本実施形態に係るマイクロ切替えバルブ1によれば、回動部13を適宜回動させて、第1貫通孔11eおよび第3貫通孔12eと第1連通路T1との連通状態、第2貫通孔11fおよび第4貫通孔12fと第2連通路T2との連通状態、第3貫通孔12eおよび第4貫通孔12fと第3連通路T3との連通状態を切り替えることで、2系統の流路(試薬導入経路、試薬循環経路)を切り替えることができる。すなわち、このマイクロ切替えバルブ1は、従来のような弁体を駆動するための圧電素子等を各流路L1〜L4に設ける必要がなく、二つの固定部11,12と一つの回動部13とで簡素に構成されているので、マイクロ切替えバルブ1を、容易に、かつ安価に製造することができる。
【0042】
また、このマイクロ切替えバルブ1は、前記したように簡素に構成されているので、その小型化を図ることができる。
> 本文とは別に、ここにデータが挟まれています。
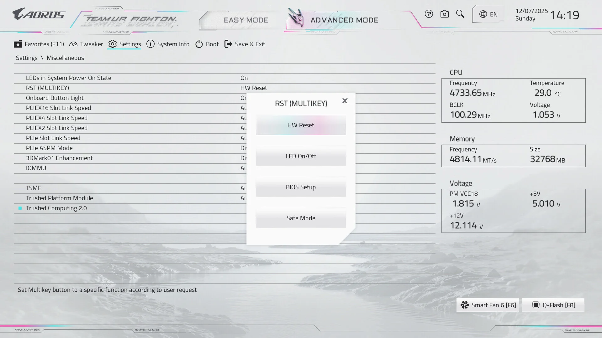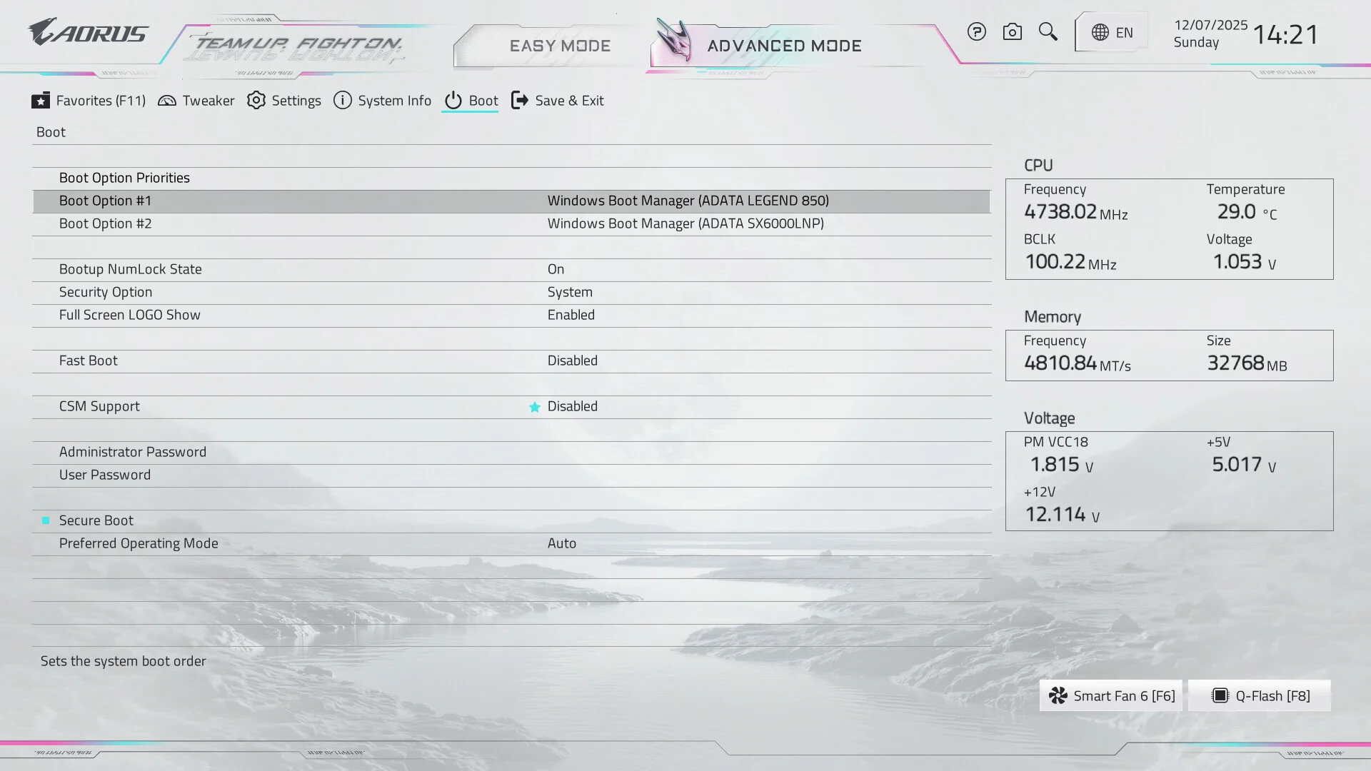 البايوس الجديد من Aorus يحتاج إلى بعض الإضافات مثل Secure Erase ، جعل شاشة الأخطاء تظهر الحرارة
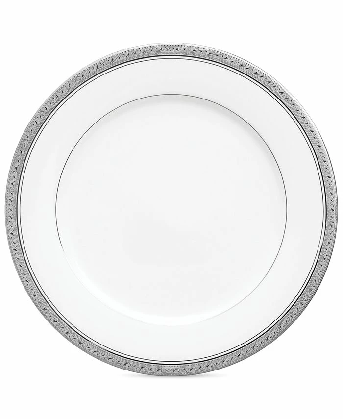 The unparalleled style of Noritake china has been gracefully setting tables for more than ninety years. The dinner plates from the formal Crestwood Platinum dinnerware and dishes collection feature crisp white china embellished with a shimmering border of interlocking scrolled leaves and an edge of polished platinum.
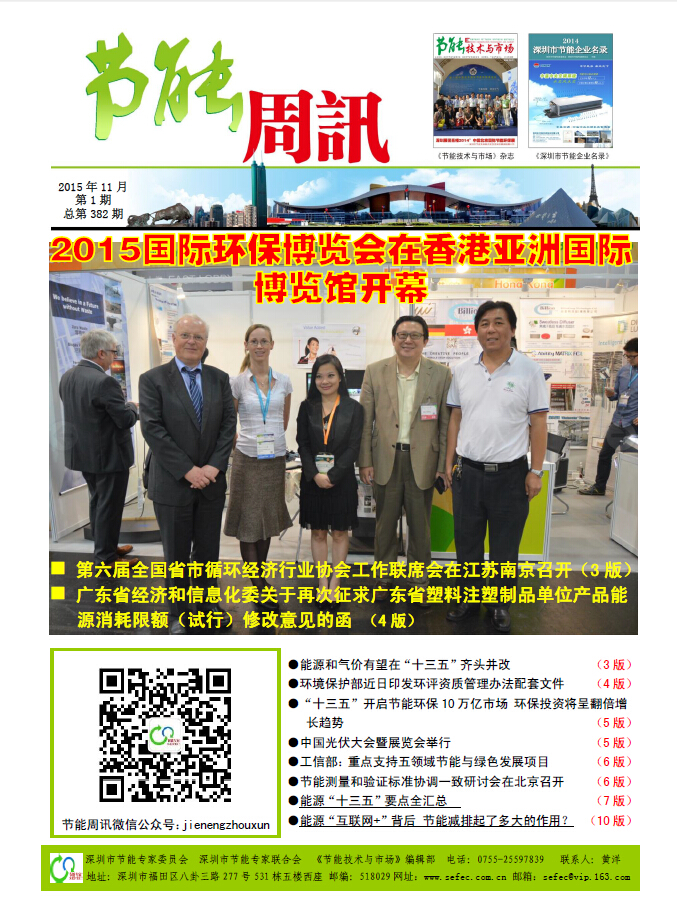 深圳市节能专家联合会、《节能技术与市场》编辑部编制的《节能周讯》(PDF电子周报),汇聚每周最新的深圳、国内和国际的节能行业新闻、行业资讯、节能技术、节能知识等,每期免费发送给相关政府部门、行业协会以及数千家企业和用能单位。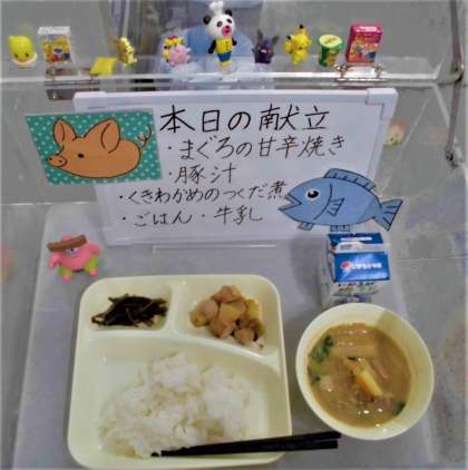 食材には、おもにエネルギーのもとになる黄色の食べ物が33種類、おもに体をつくるもとになる赤色の食べ物が8種類、おもに体の調子を整える緑色の食べ物が6種類使用されています。
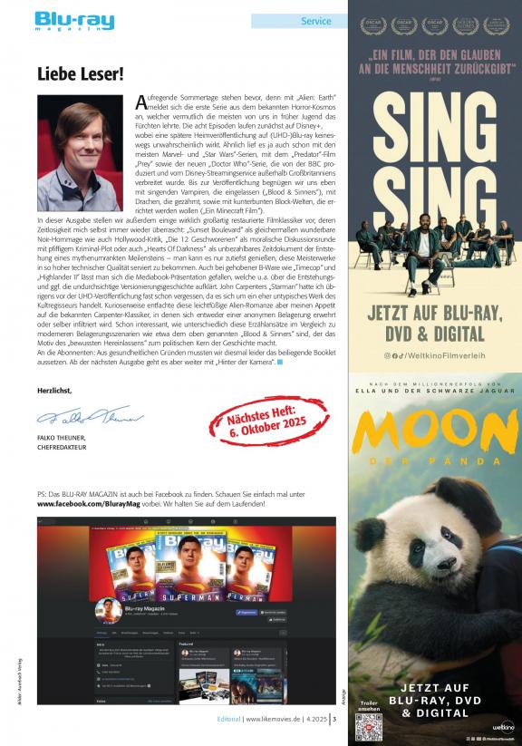 Mit dem neuen Film-Medium Blu-ray erweitern sich die Möglichkeiten der Heimkino-Unterhaltung um ein hochauflösendes Bild, verlustfreien digitalen Ton und neuen interaktiven Möglichkeiten. Das BLU-RAY MAGAZIN informiert über diese neue blaue Unterhaltungswelt. Mit dem BLU-RAY MAGAZIN bietet der Auerbach Verlag einen kompetenten Führer durch die neue Welt der hochauflösenden Heimkino-Unterhaltung an. Mit zahlreichen Tests aktueller Filme auf Blu-ray und umfangreichen Artikeln zu den neuesten Trends und Entwicklungen des neuen Mediums sowie zusätzlichen Informationen zu hochauflösenden Spielen für das Heimkino und aktueller Technik wie HD-Fernseher und Blu-ray-Player ist das BLU-RAY MAGAZIN ein in Deutschland einzigartiges, zukunftsweisendes Produkt auf dem Printmarkt.
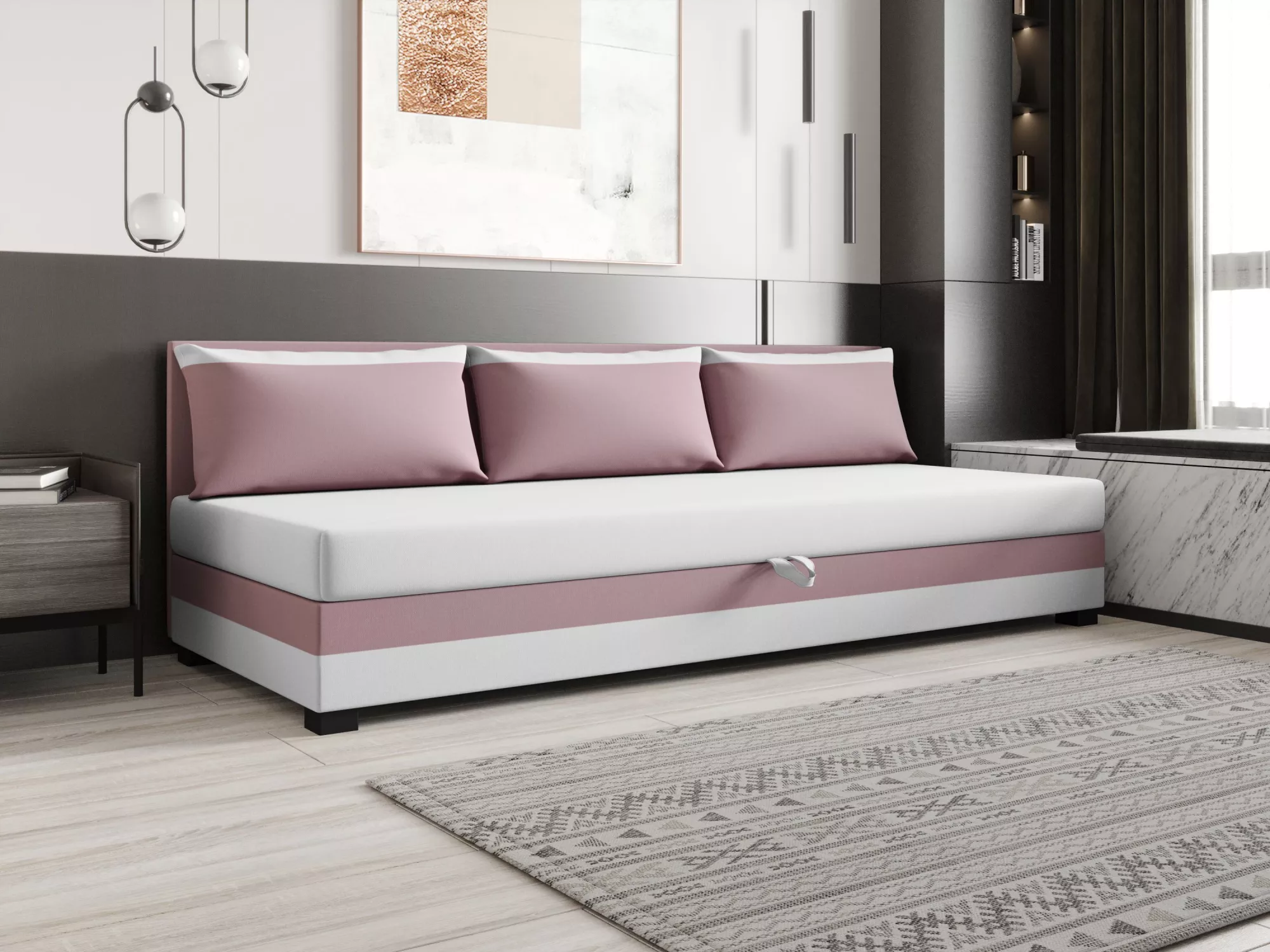 Jednolôžková posteľ 120x195 ZAJDA BIZ 1 s úložným priestorom - ružová / biela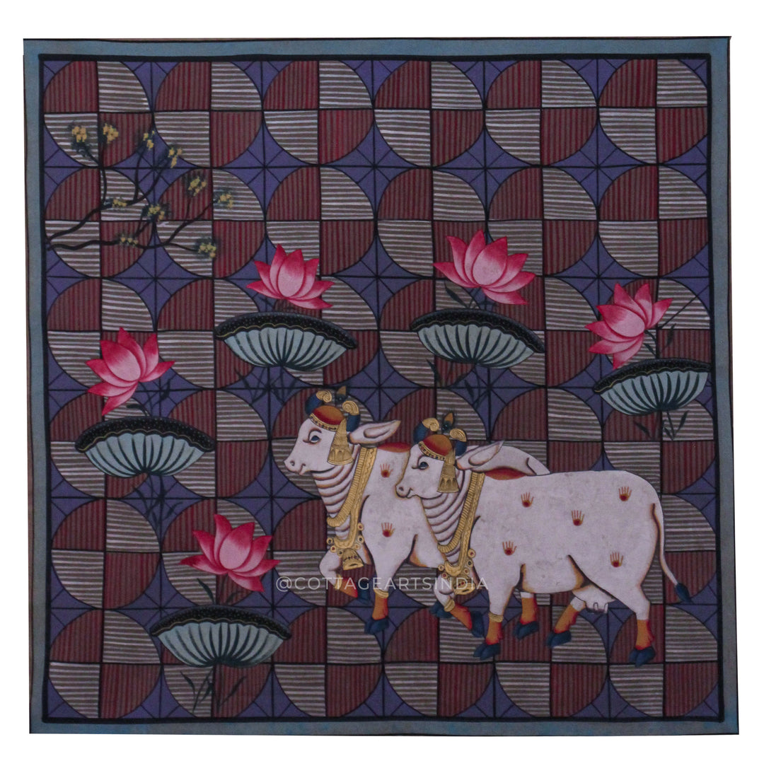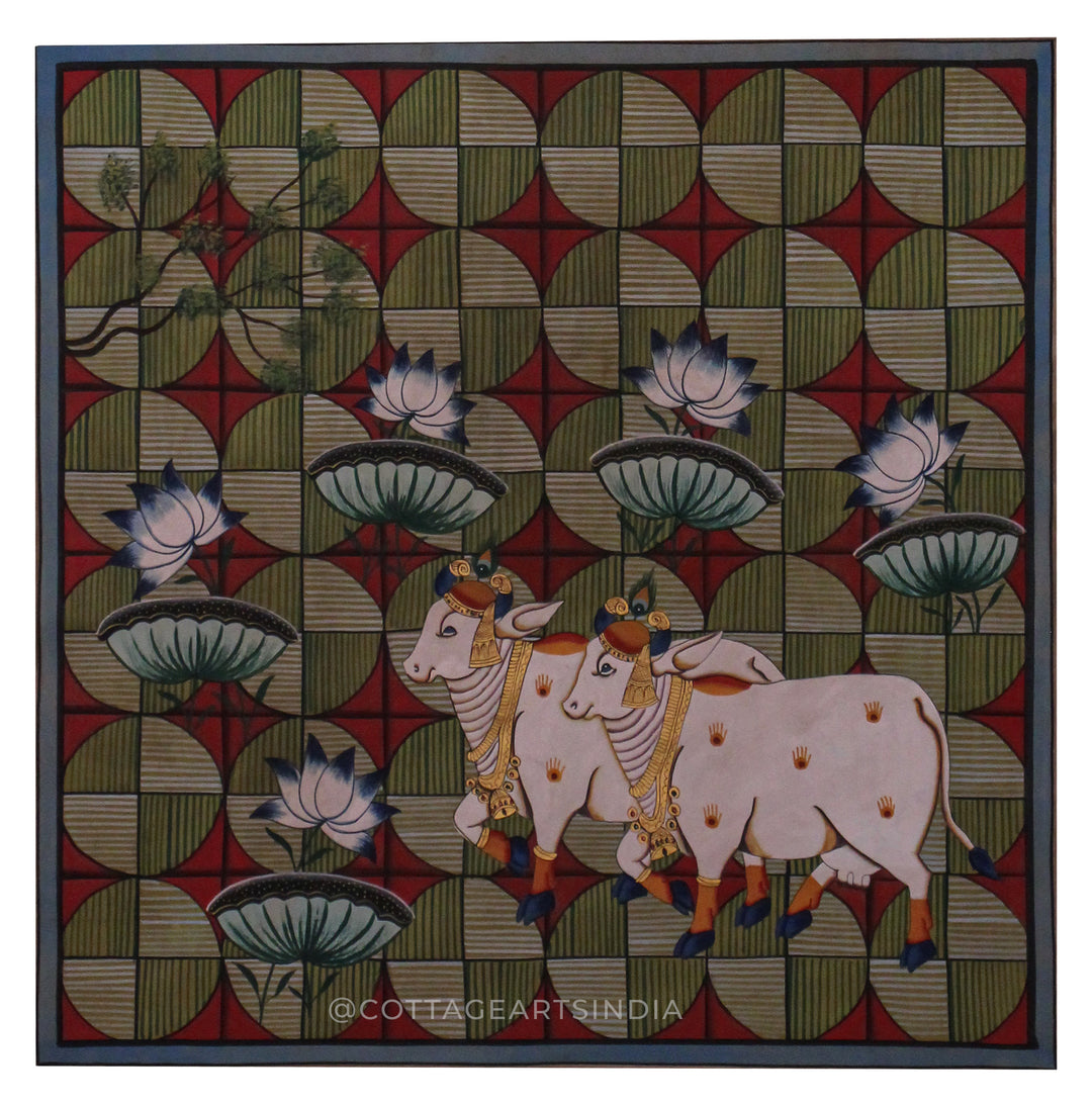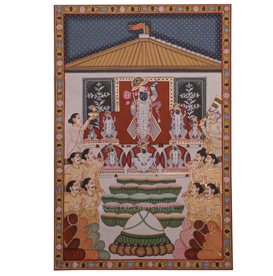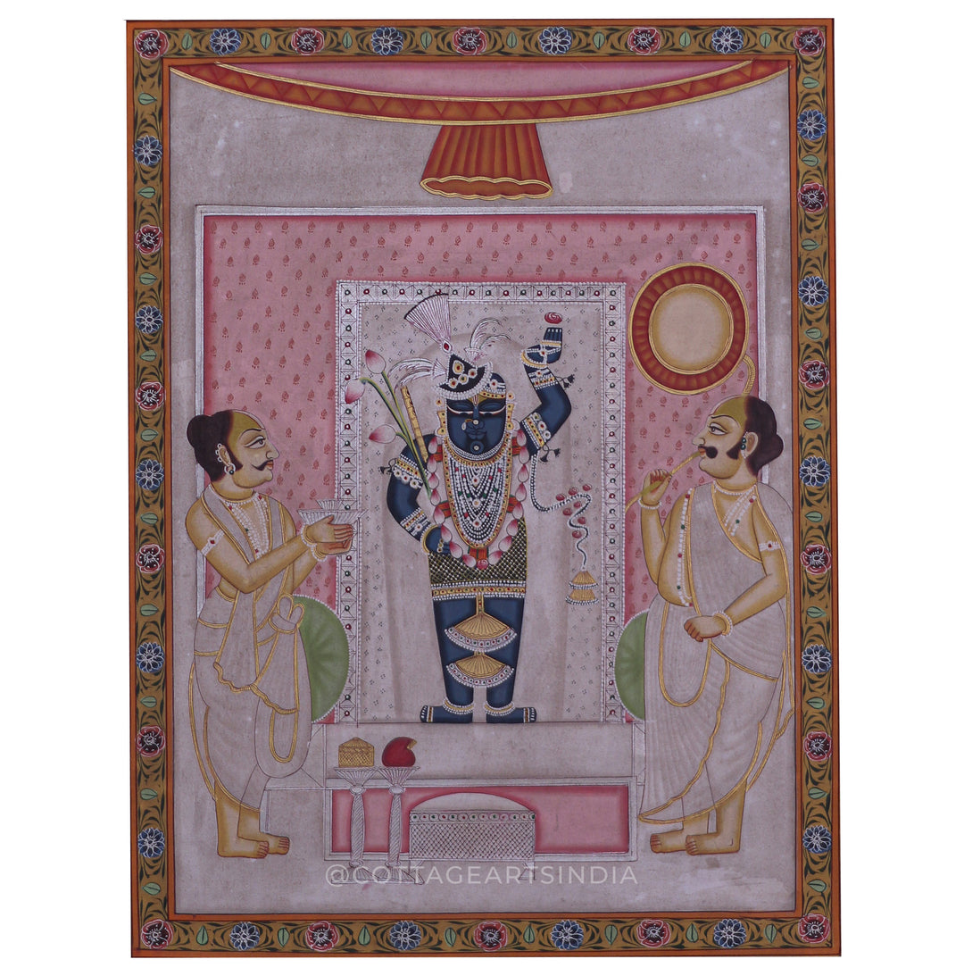 Our Indian Pichwai Painting Collection celebrates the rich artistic heritage of Nathdwara, Rajasthan, where devotion to Shrinathji (Lord Krishna) is expressed through intricate hand-painted masterpieces. Rooted in centuries-old Vaishnav traditions, Pichwai paintings were originally created as sacred backdrops for temple rituals, festivals, and seasonal celebrations.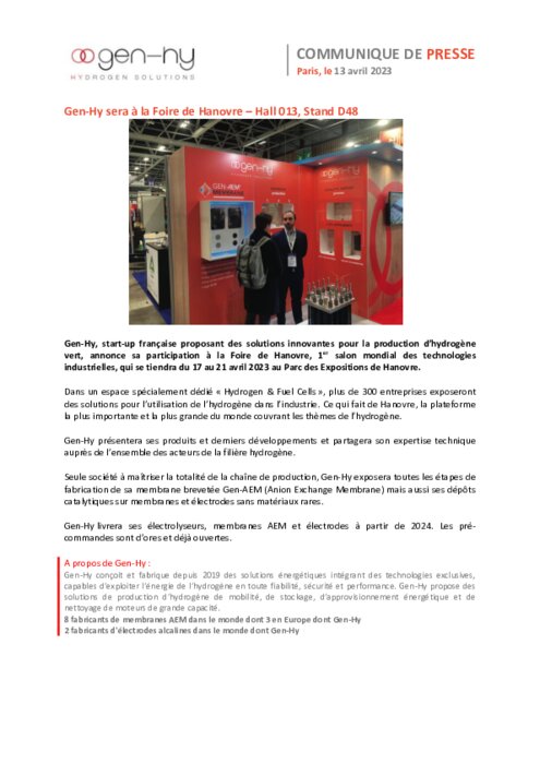 Gen-Hy, start-up française proposant des solutions innovantes pour la production d’hydrogène vert, annonce sa participation à la Foire de Hanovre, 1er salon mondial des technologies industrielles, qui se tiendra du 17 au 21 avril 2023 au Parc des Expositions de Hanovre.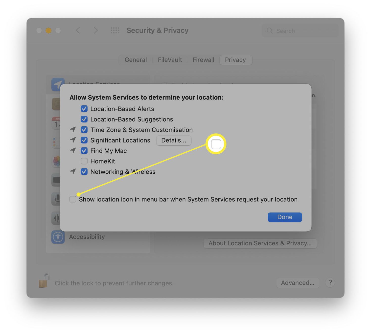 You can also choose to tick or untick other options under Allow System Services to determine your location to change what parts of your Mac can access your location.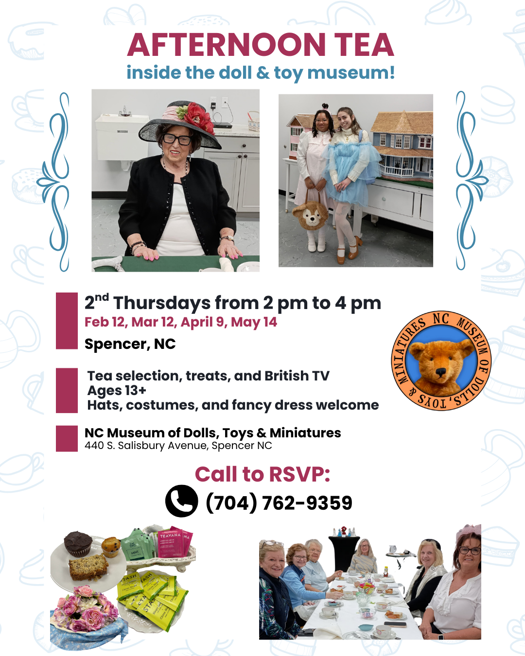 Join us for Afternoon Tea inside the museum – monthly Feb-May 2026!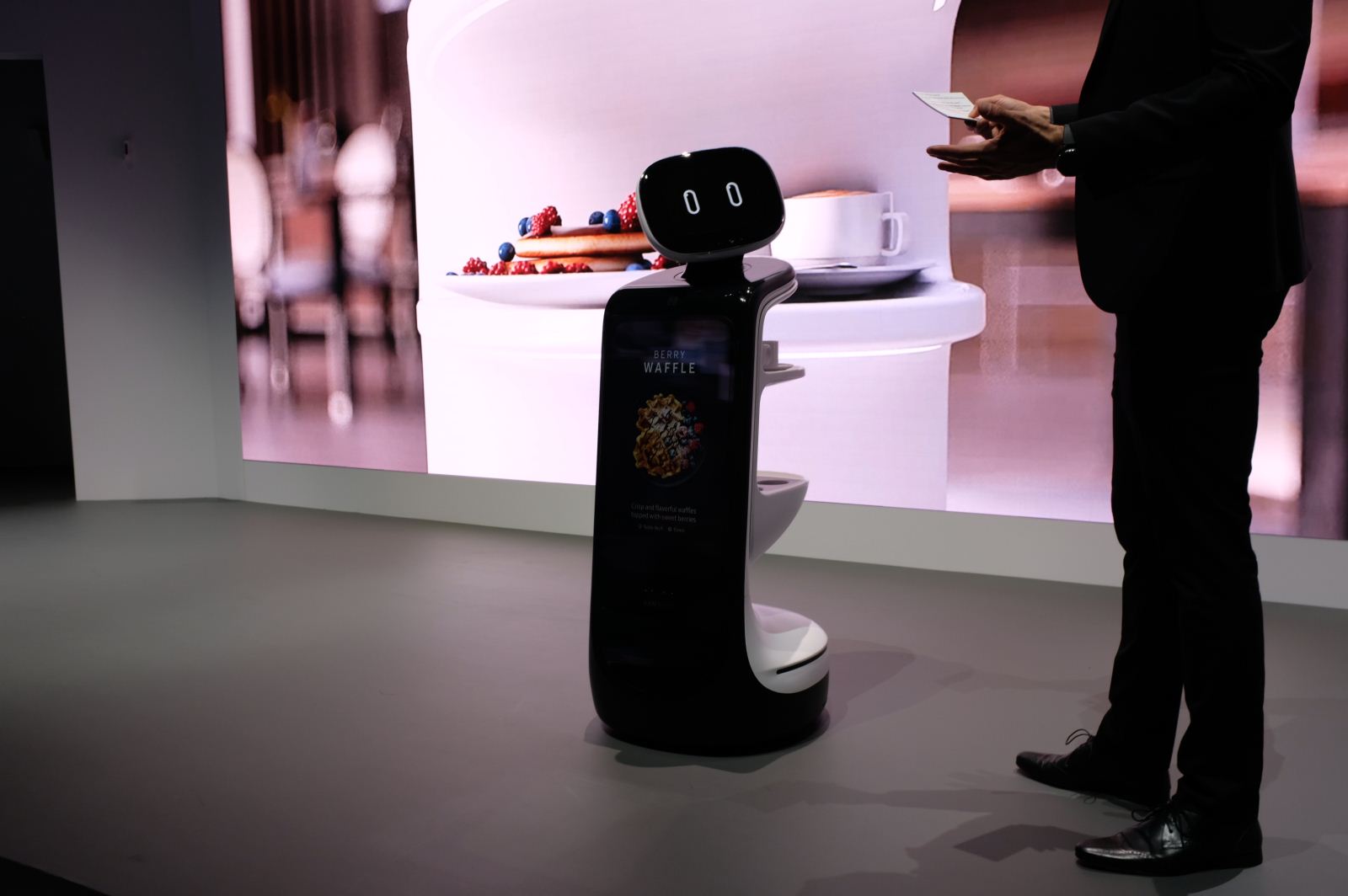 另外,Bot Retail则是一大亮点,它有一个触摸屏,可以进行点餐,后面有一个托盘,可以送食物和其他物品,在未来将会出现在零售店中。

そして、小型化されたマイクロ切替えバルブ1では、その内部に滞留する試薬の量が少なくなるので、試薬のロスが低減される。
【0043】
また、このマイクロ切替えバルブ1では、各連通路T1〜T3が簡単な構造である貫通孔や溝で構成されるので、その製造を容易にすることができる。特に、溝は回動部13の各端面に形成されるので、溝の幅がμm(マイクロメータ)オーダで設計される場合であっても、その溝は、例えば、樹脂で回動部13を射出成形すると同時に、あるいは樹脂以外の材料で回動部13が作製される場合であってもエッチング等によって簡単に形成される。
【0044】
以上、本発明の実施形態について説明したが、本発明は前記実施形態には限定されない。
前記実施形態では、第2連通路T2を試薬排出溝13fと中心貫通孔13aとによって構成したが、本発明はこれに限定されず、例えば図5に示すように、第2連通路T2’を一つの貫通孔13mのみで構成してもよい。具体的に、この構造では、第2固定部12に第1固定部11の第2貫通孔11fと同軸となる第4貫通孔12mを形成することで、この第4貫通孔12mと第2貫通孔11fとを連通させる第2連通路T2’を貫通孔13mによって構成している。すなわち、この図5における構造は、前記実施形態における中心貫通孔13aと第4貫通孔12f(図2(a)参照)を第2貫通孔11fと同軸となる位置までずらすことによって、試薬排出溝13fが不要となる構造となっている。また、この図5における構造では、第2固定部12における第3貫通孔12eと第4貫通孔12mとの距離が広がったことによって、第3連通路T3’を構成する循環溝13nが前記実施形態よりも長めに形成された構造となっている。
【0045】
このような構造によっても、図6(a)に示すように、第1の状態においては、第1貫通孔11eと第3貫通孔12eとが第1連通路T1によって連通し、かつ、第2貫通孔11fと第4貫通孔12mとが第2連通路T2’によって連通するようになっており、また、図6(b)に示すように、第2の状態においては、第3貫通孔12eと第4貫通孔12mとが第3連通路T3’によって連通するようになっている。そのため、前記実施形態と同様の作用効果を奏することができる。ただし、前記実施形態の構造では、断面積が貫通孔(第1貫通孔11e等)に比べて小さくなる循環溝13k(図2(a)参照)の長さを図5,6に示す構造よりも短くすることができるので、試薬を循環させる際における流体抵抗を小さくすることができ、ポンプの容量を小さくできる。
【0046】
前記実施形態では、2系統の流路を切り替えるようにマイクロ切替えバルブを構成したが、本発明はこれに限定されず、3系統以上の流路を切り替えるように構成してもよい。
【0047】
前記実施形態では、マイクロ切替えバルブ1が遺伝子発現解析システムSに組み込まれて使用されているが、本発明に係るマイクロ切替えバルブは、例えば、酵素の連続反応装置、生体医学の診断装置、小型化学プラント等に使用されるマイクロリアクタに組み込まれるものであってもよい。
【図面の簡単な説明】
【0048】
【図1】本実施形態に係るマイクロ切替えバルブが組み込まれた遺伝子発現解析システムを示す模式図(a)と、試薬導入経路を設定したマイクロ切替えバルブの状態を示す模式図(b)と、試薬循環経路を設定したマイクロ切替えバルブの状態を示す模式図(c)である。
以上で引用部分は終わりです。